WORK ORDER.
When copying the listing below, skip every picture and repeat exactly the lines from the first one through the line that contains "OSCP Swatches: Easily".

PROVIDED MATERIAL.
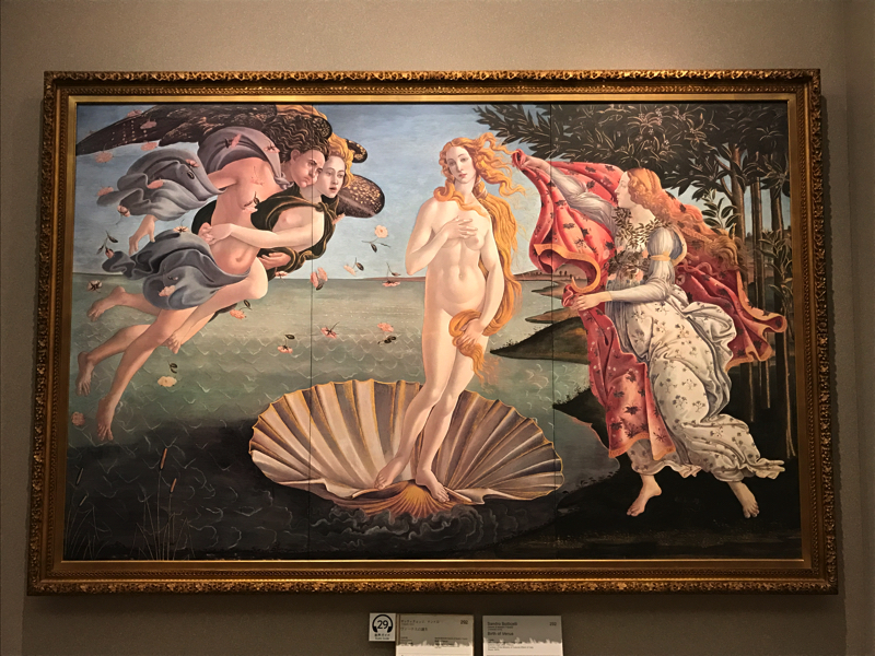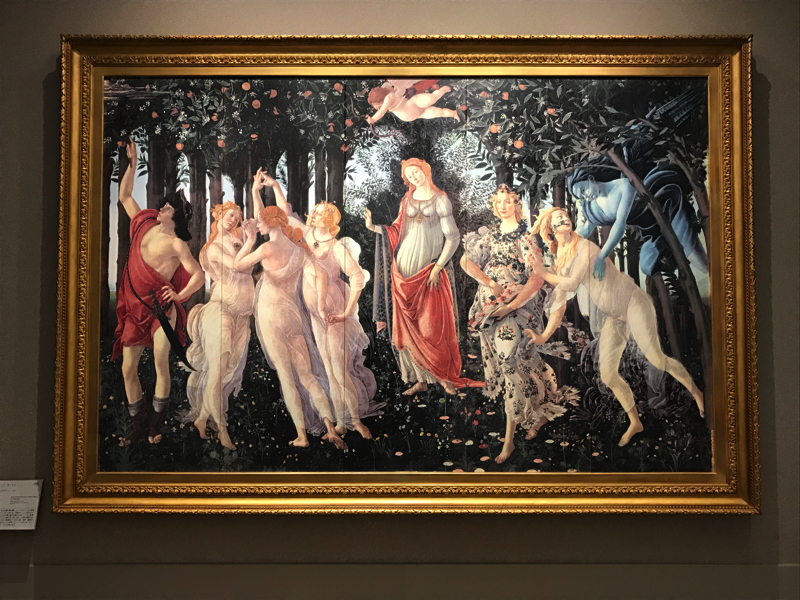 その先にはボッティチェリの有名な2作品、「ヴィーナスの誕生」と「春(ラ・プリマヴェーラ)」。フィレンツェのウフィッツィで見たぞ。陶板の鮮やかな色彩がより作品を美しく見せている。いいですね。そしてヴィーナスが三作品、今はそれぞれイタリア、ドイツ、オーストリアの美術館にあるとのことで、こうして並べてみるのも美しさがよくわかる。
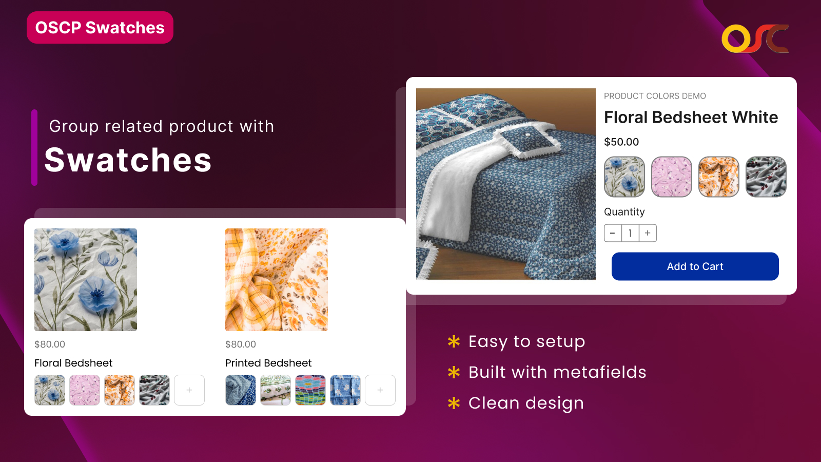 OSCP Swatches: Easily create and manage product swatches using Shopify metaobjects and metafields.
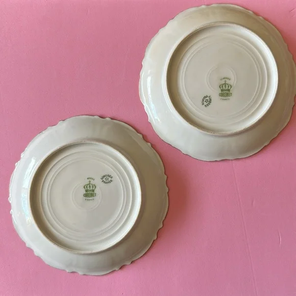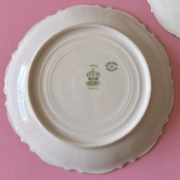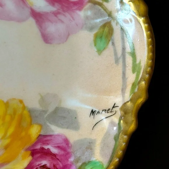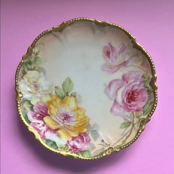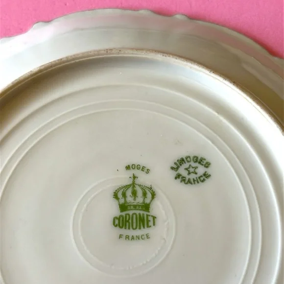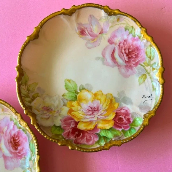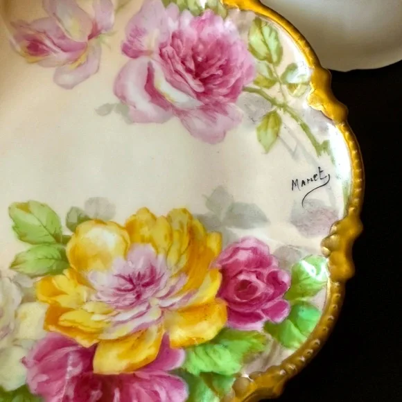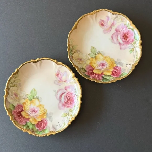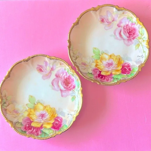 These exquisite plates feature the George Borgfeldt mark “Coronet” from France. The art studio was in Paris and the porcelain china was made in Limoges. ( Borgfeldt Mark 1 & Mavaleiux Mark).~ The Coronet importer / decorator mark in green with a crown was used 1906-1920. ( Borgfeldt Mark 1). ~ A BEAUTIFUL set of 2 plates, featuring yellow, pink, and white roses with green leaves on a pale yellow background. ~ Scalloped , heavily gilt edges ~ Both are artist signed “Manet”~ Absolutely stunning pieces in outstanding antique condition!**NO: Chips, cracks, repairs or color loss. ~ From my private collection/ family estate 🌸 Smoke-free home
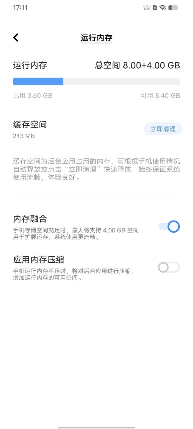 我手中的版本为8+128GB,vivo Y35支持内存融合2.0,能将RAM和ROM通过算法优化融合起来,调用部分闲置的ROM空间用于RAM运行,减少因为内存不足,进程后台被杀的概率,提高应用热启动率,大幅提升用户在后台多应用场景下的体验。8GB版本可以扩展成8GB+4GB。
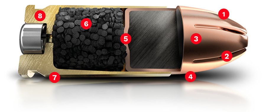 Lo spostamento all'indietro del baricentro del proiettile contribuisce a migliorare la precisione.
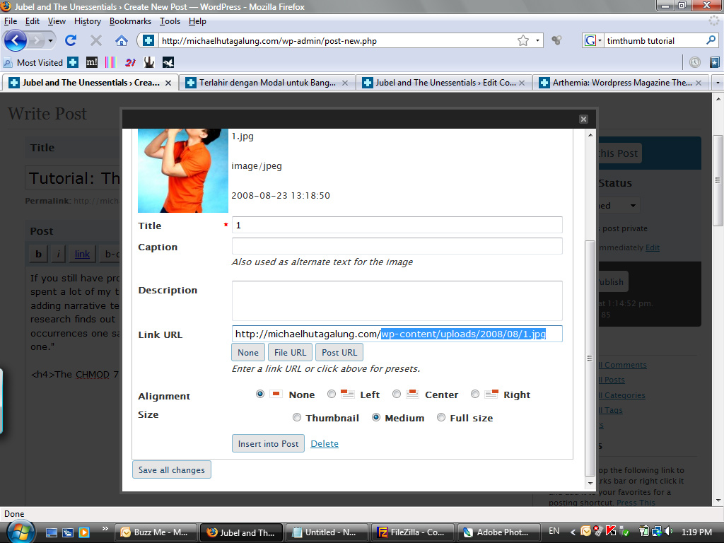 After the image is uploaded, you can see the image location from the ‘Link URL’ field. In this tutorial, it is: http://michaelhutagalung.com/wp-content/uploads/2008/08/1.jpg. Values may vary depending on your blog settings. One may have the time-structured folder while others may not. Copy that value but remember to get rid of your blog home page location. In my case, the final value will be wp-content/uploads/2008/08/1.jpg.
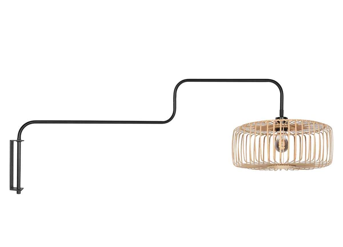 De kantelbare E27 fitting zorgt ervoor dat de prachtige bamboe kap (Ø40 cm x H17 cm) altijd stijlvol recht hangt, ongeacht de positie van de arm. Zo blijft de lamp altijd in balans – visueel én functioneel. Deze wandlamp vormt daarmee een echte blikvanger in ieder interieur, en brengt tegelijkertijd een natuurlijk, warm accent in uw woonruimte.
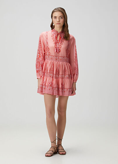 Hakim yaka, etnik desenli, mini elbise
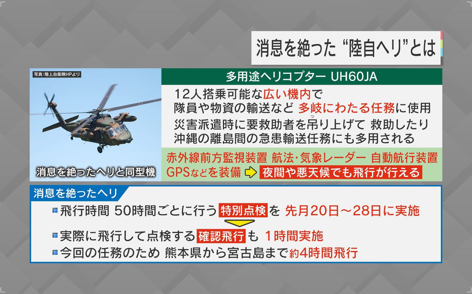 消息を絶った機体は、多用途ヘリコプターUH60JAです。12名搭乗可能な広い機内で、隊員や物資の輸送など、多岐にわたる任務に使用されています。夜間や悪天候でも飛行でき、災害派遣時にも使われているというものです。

RESPONSE.
 その先にはボッティチェリの有名な2作品、「ヴィーナスの誕生」と「春(ラ・プリマヴェーラ)」。フィレンツェのウフィッツィで見たぞ。陶板の鮮やかな色彩がより作品を美しく見せている。いいですね。そしてヴィーナスが三作品、今はそれぞれイタリア、ドイツ、オーストリアの美術館にあるとのことで、こうして並べてみるのも美しさがよくわかる。
 OSCP Swatches: Easily create and manage product swatches using Shopify metaobjects and metafields.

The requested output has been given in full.